Beide sind eigentlich gespalten. Hobbes favorisiert in seinem Leviathan einen straffen, auf Übereinstimmung aller Bürger ruhenden Staat, ahnt aber, dass der dann neue Moloch auch wieder aus dem Ruder zu laufen droht (wie nicht lange danach die französische Revolution). Hannah Arendt wünscht einen Staat mit "politisch aufgeklärten, aktiven Bürgern", die ihre Freiheit nicht für geringfügige Annehmlichkeiten zu "verkaufen" bereit sind, ahnt aber, dass die kommenden überdimensionalen Staatsgebilde in der Anpassung und nicht in der Bürgerfreiheit enden mit der Gefahr neuer diktatorischer Elemente. Somit sind beide Staatstheorien ohne Wert und wenn man sich die aktuelle politische Entwicklung ansieht, erkennt man keinen Ausweg aus dem Chaos von "gut gewollt" und "schlecht gemacht".

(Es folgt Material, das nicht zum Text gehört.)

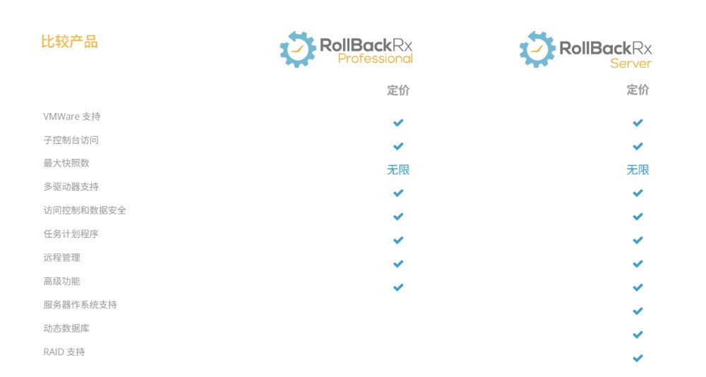 RollBack Rx Professional / RollBack Rx Server Edition 功能比較: ?
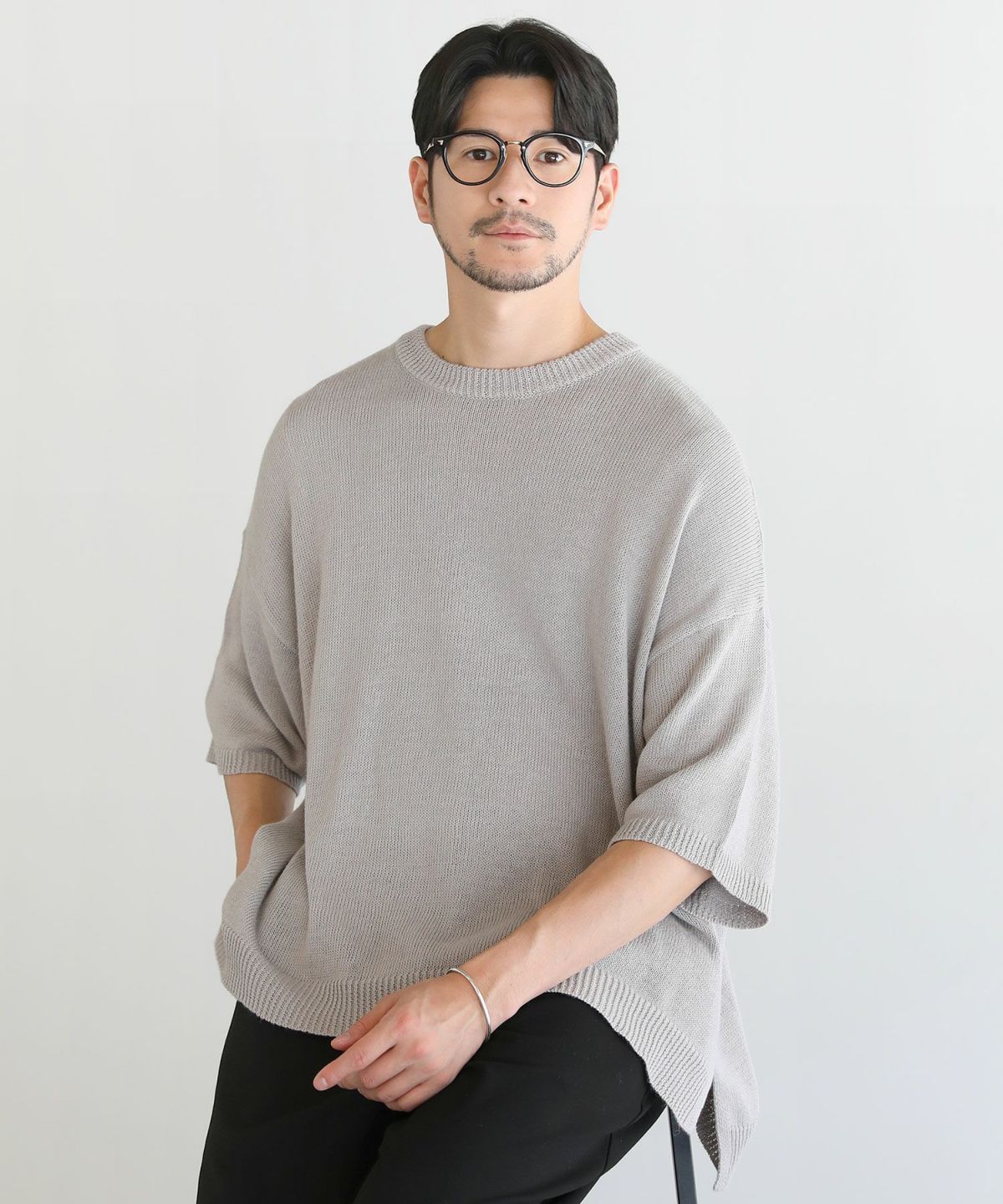 綿麻半袖クルーニット

Meiner Meinung nach leben beide dennoch in historisch vollkommen unterschiedlichen Situationen, die ihre Begriffe und theoretischen Vorstellungen geprägt haben. Begriffe von Hannah Arendt, die einem zur Diktatur entarteten Demokratieversuch entstammen, die auf eine effektive Organisation einer dirkteren Demokratie zielen, kann man meiner Meinung nach nicht auf Hobbes und seine Zeit des Feudalismus anwenden. Das Menschenbild zur Zeit des Hobbes war fanatisch religiös geprägt, immer noch Teil der Machtpyramide des auslaufenden Mittelalters. Macht war zu Hobbes Zeiten in der Auffassung der Menschen damals von oben gegeben (Gott, König, Adel) und nicht Ausdruck der Permission eines Volkes. 

"der Mensch ist des Menschen Wolf" - so ein Leitspruch Hobbes. Eine solche Geisteshaltung ist bei Hannah Arendt in keinster Weise erkennbar.